A salvo en sus hogares, los estadounidenses del este vivieron una larga noche en las miradas pasaban alternativamente de las ventanas a la calle a las ventanas televisivas y a internet. Si ves algo, di algo: una fachada entera que se desploma en Chelsea, un tiburón sobrenadando el porche de una vivienda en Nueva Jersey, cientos de pacientes evacuados de varios hospitales, un incendio que arrasa un edificio en Queens, alerta roja en dos centrales nucleares, el hundimiento de la Bounty, lo real y lo inverosímil, la noticia y la leyenda urbana, se trenzan hasta alcanzar rango de alucinacion. "Mucho ruido y pocas nueces", reniega un vecino del Upper West Side -desde donde escribe este periodista, después de ser desalojado de la zona A-, mientras se pelea con su mando a distancia. "Siempre lo pintan todo mucho mas grave de lo que es, para que la gente no se confie. Pero además estamos en periodo de elecciones, y ningún candidato quiere jugársela como Bush, que perdió por no intervenir a tiempo en Nueva Orleans".

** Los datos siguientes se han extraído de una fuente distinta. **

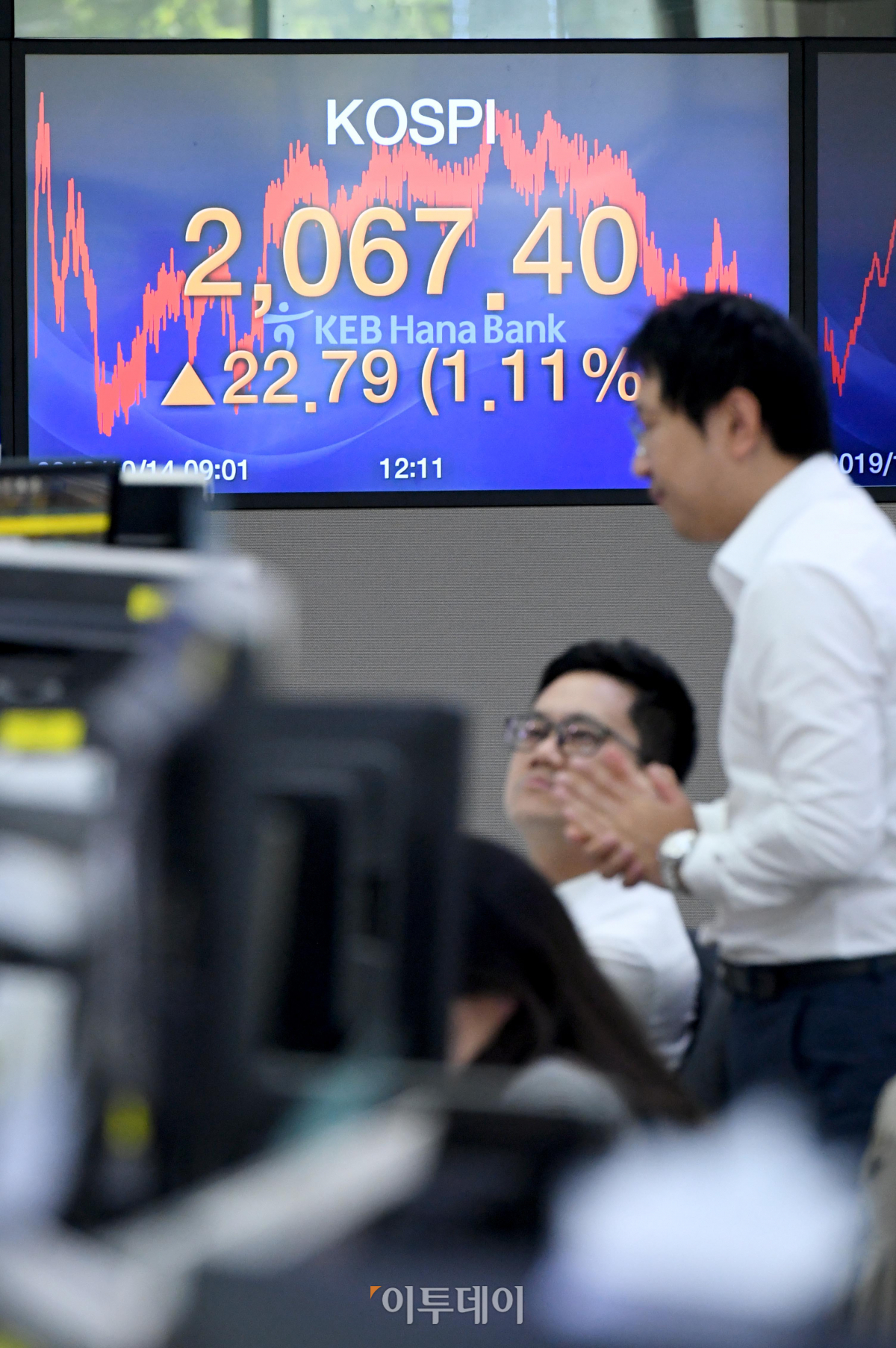 14일 서울 중구 KEB하나은행 딜링룸 전광판에 코스피가 전 거래일보다 22.79포인트(1.11%) 상승한 2067.40을 가리키고 있다.

Los analistas creen, sin embargo, que la campana que enfrenta a Romney y Obama ha quedado truncada por la abultada cifra de fallecidos, los millones de dólares en daños materiales y las dificultades que presentara la reparación de los desperfectos provocados por las inundaciones y el temporal. "Se acabó", asegura la influyente periodista Rachel Maddow, de la cadena MSNBC. "La tormenta ha atrapado la atención del publico, ya nadie hablará de una campaña en la que, por cierto, nadie ha hablado de cambio climático".

A la mañana siguiente, vuelve aparentemente la calma, por mas que las bocas de metro sigan luciendo precintos, el transporte público permanezca suspendido y la cifra de vuelos cancelados prevista para hoy supere los 5.000. El sol asoma tímidamente en medio de un macizo de nubes. El aire que silba por las calles podría ser un soplo invernal cualquiera, y solo las hojas, ramas, papeleras y expendedores de periódicos derribados por doquier verifican el paso de Sandy por la ciudad de los rascacielos. Por lo demás, el paisaje habitual de atletas amateur y paseadores de perros, todos ellos, eso si, pertrechados de cámaras fotográficas.

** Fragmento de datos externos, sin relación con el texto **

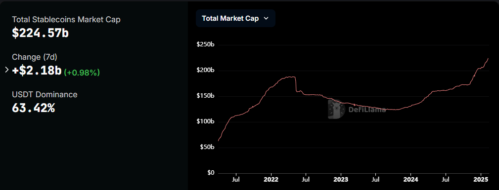 Stablecoin-markkinat ovat olleet nousussa, saavuttaen uuden huipun 224,5 miljardia dollaria helmikuussa. Tämä kasvu heijastaa stablecoinien kasvavaa merkitystä digitaalisessa taloudessa ja korostaa niiden roolia Yhdysvaltain dollarin vaikutusvallan laajentamisessa perinteisten rahoituslaitosten (TradFi) ulkopuolelle.

Por todas partes, con móviles, con cámaras, con tabletas, la gente se arremolina para tomar instantáneas. En las inmediaciones de Central Park, clausurado hasta nuevo aviso, un tronco de notables dimensiones ha caído sobre un corpulento 4x4 y lo ha planchado como si fuera de papel. "Tenías que haber oído como sonaba anoche el crujido de los arboles en varias manzanas alrededor del parque. Era como la banda sonora de una película de miedo ", asegura, excitado, un paseante. Unas calles al oeste, la descomposición de un andamiaje ha aplastado también un vehiculo, y de la luna delantera asoman unas aterradoras vigas de madera. En la esquina de la 87 con Broadway, diseminadas por todas partes, planchas de aluminio que nadie quiere imaginar volando, llevadas y traídas por vientos de más de 100 kilometros hora. Ahora que el peligro parece haber pasado, los ciudadanos no se conforman con evaluar los daños: quieren quedarse con su pedazo de Sandy, llevárselo a casa.

Pero, ¿ha pasado el peligro? Para esta tarde, noche en el horario español, se teme que la subida de las mareas vuelva a hacer de las suyas, y aunque la fuerza del aire se haya atenuado seguirá azotando la costa Este al menos hasta el viernes. Por si acaso, las autoridades no se cansan de recomendar que se extremen las precauciones, que quienes sigan teniendo luz se aseguren de tener cargados sus teléfonos, y por supuesto sus cámaras. A veces, hacer fotos puede ser también una forma de domar el peligro y conjurar el miedo.